Не знаю, сколько времени прошло, перед тем как я смог поднять голову и посмотреть на свое тело. Мои член и пах покрыты запекшейся кровью. На животе — какая-то смесь красного и белого, — коктейль из крови и спермы. На шее и груди — лужица рвоты, и я чувствую, как она же засохшей коркой покрывает мне лицо и подбородок. Я медленно опускаю руку, чтобы оценить масштабы разрушений. Что-то, похожее на макароны, медленно выползает из чего-то, похожего на кусок картонки.

О господи. Пожалуйста, пожалуйста, пусть мне это снится.

Руки у меня одеревенели, мускулы размякли и гудят. Пытаюсь приподняться на руках. Меня обдает волна боли. Почти теряю сознание. Эта боль даже отдаленно не напоминает ту, что я испытал ранее, а, судя по солнцу, ранее — это часа три назад. Сейчас около девяти, а в воскресенье утром люди или валяются, не в силах оторвать себя от кровати, или сидят в церкви. В общем, их имеют в обоих случаях.

Как бы там ни было, в этом парке еще не скоро кто-то появится.

Перекатываюсь на бок. Из моего осипшего горла вырывается крик.

Начинаю искать свои вещи и нахожу их метрах в десяти от себя. Пока я ползу к ним, моя мошонка болтается туда-сюда, застревая между ногами. Как будто на ней все еще висят плоскогубцы. Я думаю о том, что, если сумею добраться до дома, я это переживу.

На то, чтобы преодолеть эти десять метров, у меня уходит две минуты. Ощущение такое, будто я только что пробежал марафон. Со лба течет пот. С паха течет кровь. Влезаю в свою футболку. Куртки нигде не видно. Как и пистолета. Как и ножа.

Нахожу ключи и запихиваю в джинсы. Потом, как можно осторожнее перекатившись на спину, пытаюсь просунуть ноги в штанины. Сделать это гораздо труднее, чем сказать. На половине пути я останавливаюсь, чтобы передохнуть, и мир вокруг снова сереет. Вместе с ним уходит и моя сила, и, будто обрадовавшись, возвращается боль. Чтобы снова не потерять сознание, мне приходится сделать усилие. Было бы лучше, если бы на мне были не трусы, а спортивная защита паха, потому что тогда мои болтающиеся изуродованные гениталии оказались бы зафиксированы. Вместо этого они свисают как перезрелый помидор, сочащийся соком так, будто впитал в себя слишком много солнца. Я отрываю пучок влажной травы и обтираю им лицо. Еще парой пучков стираю следы рвоты с шеи и груди.

Смотрю на запястье и с удивлением вижу, что часы остались на месте. Всего восемь утра. В последние пару дней я постоянно просыпаюсь позже обычного. В это утро, похоже, проспал еще больше. Ладно. Рано или поздно это сделать все равно придется. Я встаю на колени, а потом на ноги. Мне просто надо добраться до дома. Это недалеко. Просто переставить одну ногу, потом другую. И повторить эту процедуру. Игнорировать боль до тех пор, пока у меня не будет возможности упасть на кровать. Одна нога вперед. Это первый шаг.
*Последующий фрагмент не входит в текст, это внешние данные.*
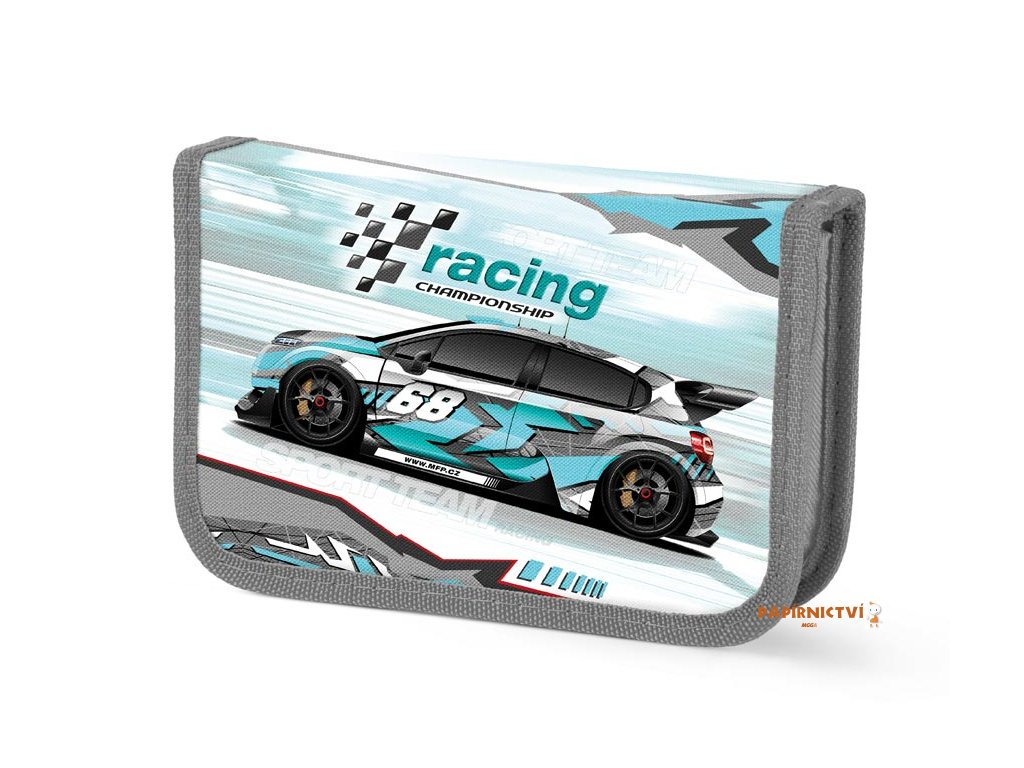 Jednopatrový školní penál s motivem závodního auta. Vevnitř penálu jsou přihrádky a poutka na psací potřeby. Penál se uzavírá zipem a je z kvalitních a odolných materiálů.Toto školní pouzdro není vybavené. Penál je zdravotně nezávadný a neobsahuje toxické látky.
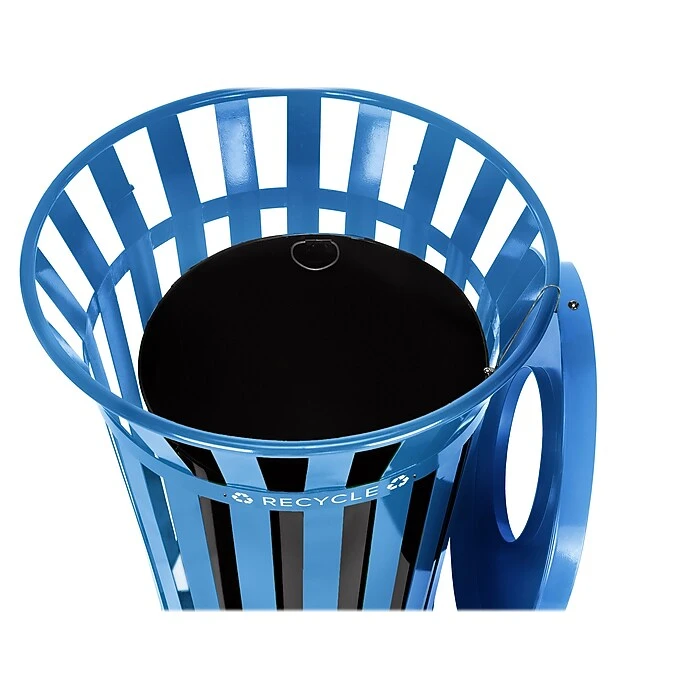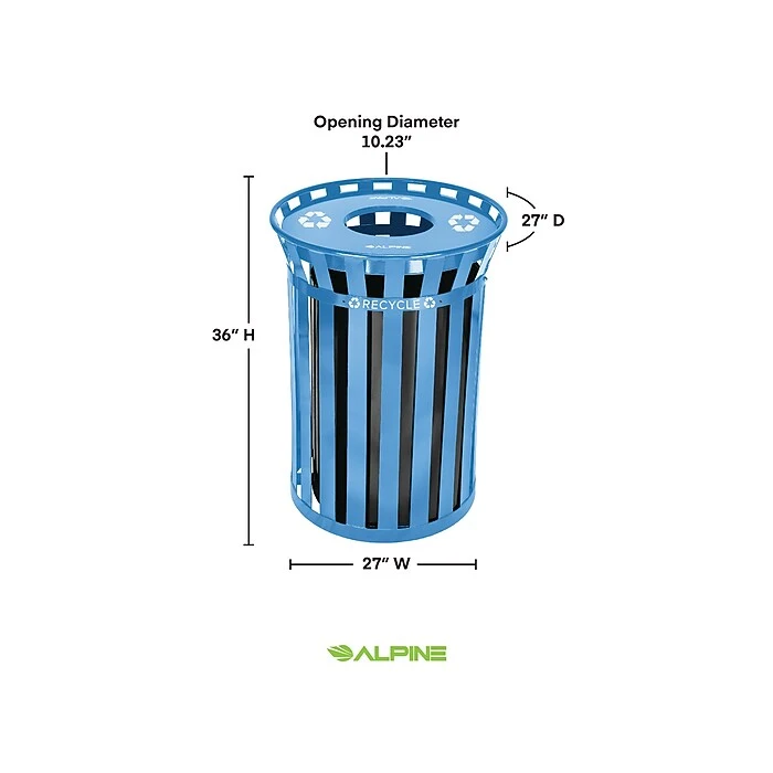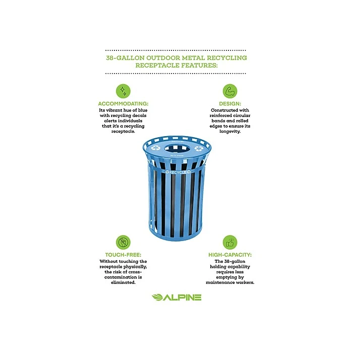Outfitting your outdoor property with stable recycling receptacles is imperative to eliminate litter. A practical and resilient option is the Alpine outdoor metal recycling receptacle. The receptacle features a substantially sized holding capacity of 38 gal. that requires less emptying by your maintenance staff. This bin includes a retaining cable to ensure effortless removal of the metal liner. The body of the receptacle is constructed with reinforced circular bands and rolled edges to guarantee it can handle daily wear and tear in all weather conditions. This Alpine receptacle is excellent for parks, walking trails, recreational fields, outside offices, schools, and so much more. On the top of the lid are two white recycling symbols located on each side of the receptacle, alerting individuals it’s designated for recycling. The polyester powder coating is perfect for outdoor use as it provides superior coverage, a polished finish, and it detracts vandals. Additionally, the powder coating provides weather resistance, so there is no fear of degrading color or finish.

Изначальный план заключался в том, чтобы идти медленно и равномерно, и я не смог прочувствовать всю иронию ситуации, когда, чтобы сохранить баланс и не завалиться вперед, мне приходится почти бежать. Я не только двигаюсь быстро, но и ноги мои тяжело стучат об землю и посылают пульсирующие сгустки жара снизу по направлению к бедрам. Минут двадцать я бегу, шатаясь и спотыкаясь, после чего вновь падаю на колени и сжимаюсь в плачущий, кровоточащий, агонизирующий комок. Хочу закрыть глаза и просто полежать тут еще пару часов, но знаю, что нельзя. Рано или поздно в парке кто-то появится. Из-под скамеек и из домиков на детских площадках выползут любители нюхнуть клея, чтобы встретить утро еще одного насквозь прохимиченного дня. Они, естественно, найдут меня, но не помогут — только позаботятся о том, чтобы лишить меня того немногого, что у меня осталось.

Снова встаю на колени. На ноги. Вперед.

На этот раз дело идет легче. Я расставляю руки по сторонам и балансирую, зигзагами продвигаясь вперед. Не отрываю глаз от края парка. Не смотрю вниз. Не смотрю по сторонам. Просто иду. Надо просто идти, и все будет в порядке… еще двадцать метров позади, еще тридцать. Еще пара минут, и я снова падаю на колени, пытаясь сдержать крик. На этот раз у меня получается.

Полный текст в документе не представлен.